A newsstand-ready cover for The Meridian, a fictional independent monthly. A full-bleed duotone “press photo” — built entirely from layered CSS gradients, a scanline texture and a film-grain overlay — fills the frame, with a soft top-and-bottom scrim keeping every line of type legible. Above it sits a giant Playfair Display masthead, a let-spaced strapline ruled on both sides, and a flag carrying the issue number, cover date and price.

The cover lines follow real magazine art direction: a red kicker tag, an oversized serif coverline with an italic deck and a byline-plus-photographer credit at the centre, flanked by two columns of teaser lines that each pair a section kicker with a headline and a page number. A captioned figure and a genuine CSS barcode strip close out the bottom edge, just like a printed cover.

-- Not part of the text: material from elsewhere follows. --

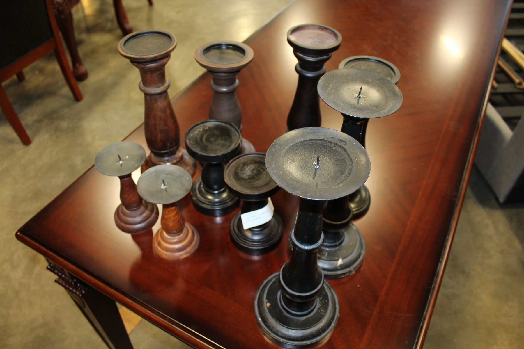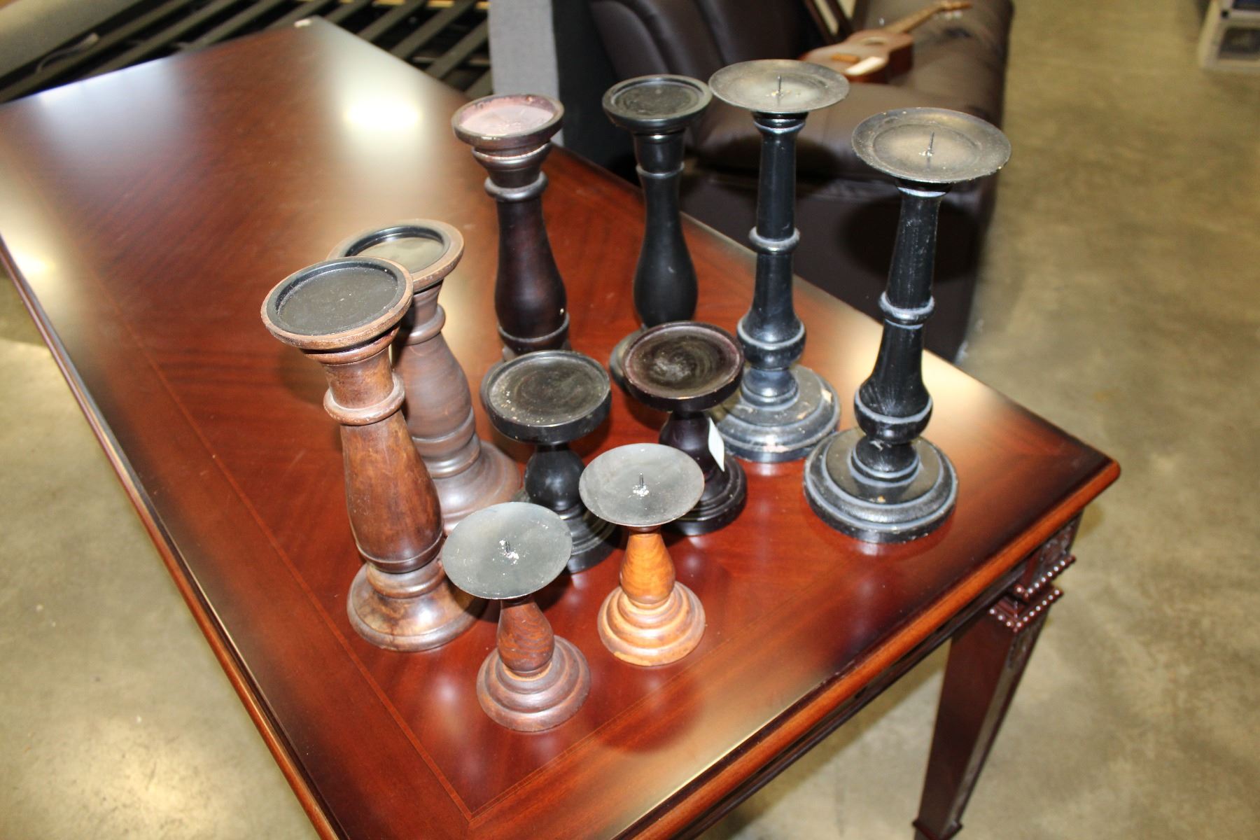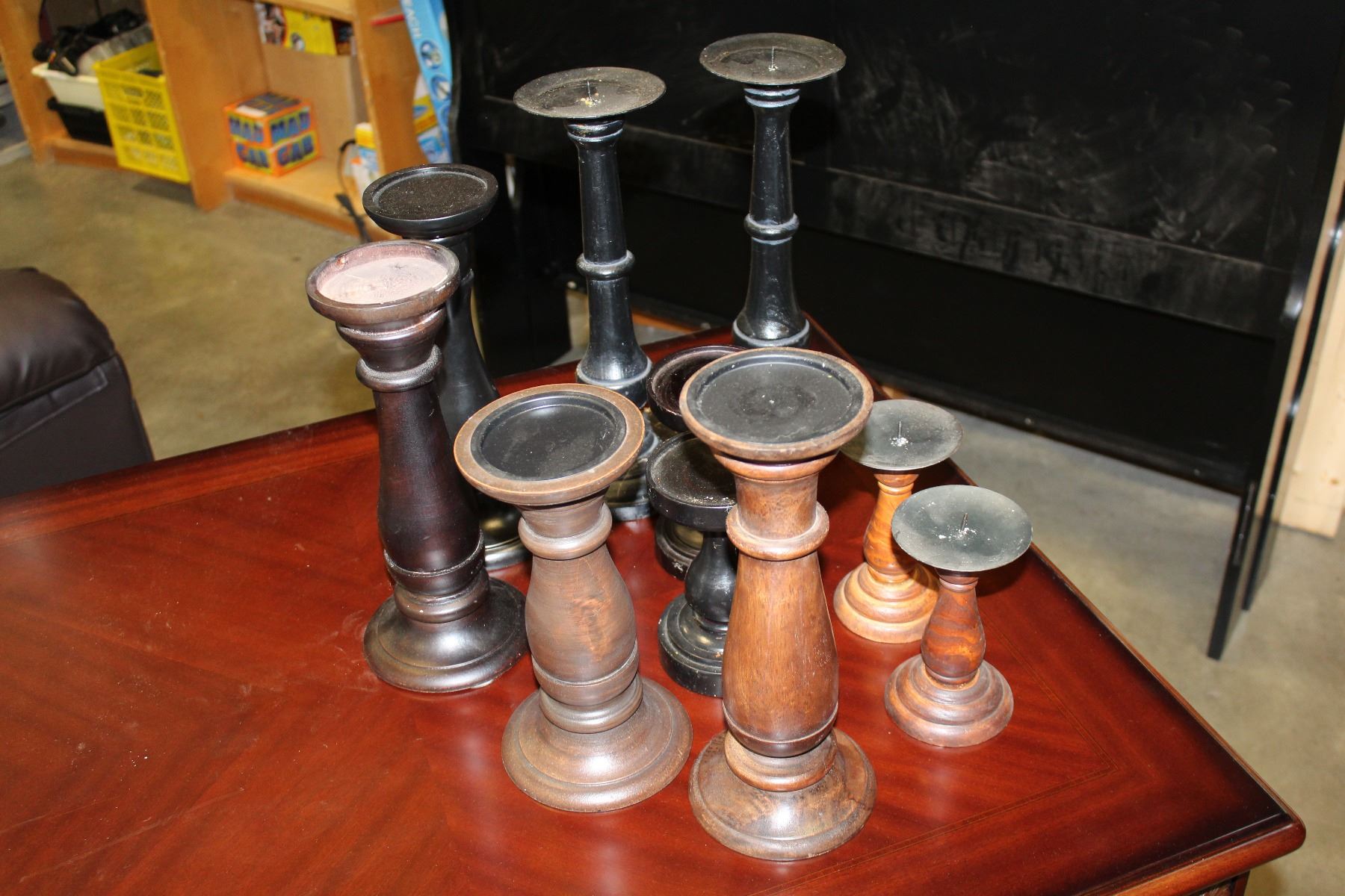 FIVE PAIR OF WOODEN CANDLESTANDS

Two interactions bring it to life, both vanilla JS. Moving the pointer over the cover tilts it in 3D, drifts the photo for parallax depth and sweeps a glossy highlight that tracks the cursor — the newsstand-sheen effect, disabled under prefers-reduced-motion. Below the cover, an accessible issue switcher (arrow-key navigable tablist) swaps between three fully art-directed editions — Blackout, Heatwave and High Tide — rewriting the cover art, masthead strapline, every cover line, the caption, the flag and the barcode, with a small toast() confirming each change.

Illustrative UI only — masthead, headlines, bylines, and articles are fictional; not a real news publication.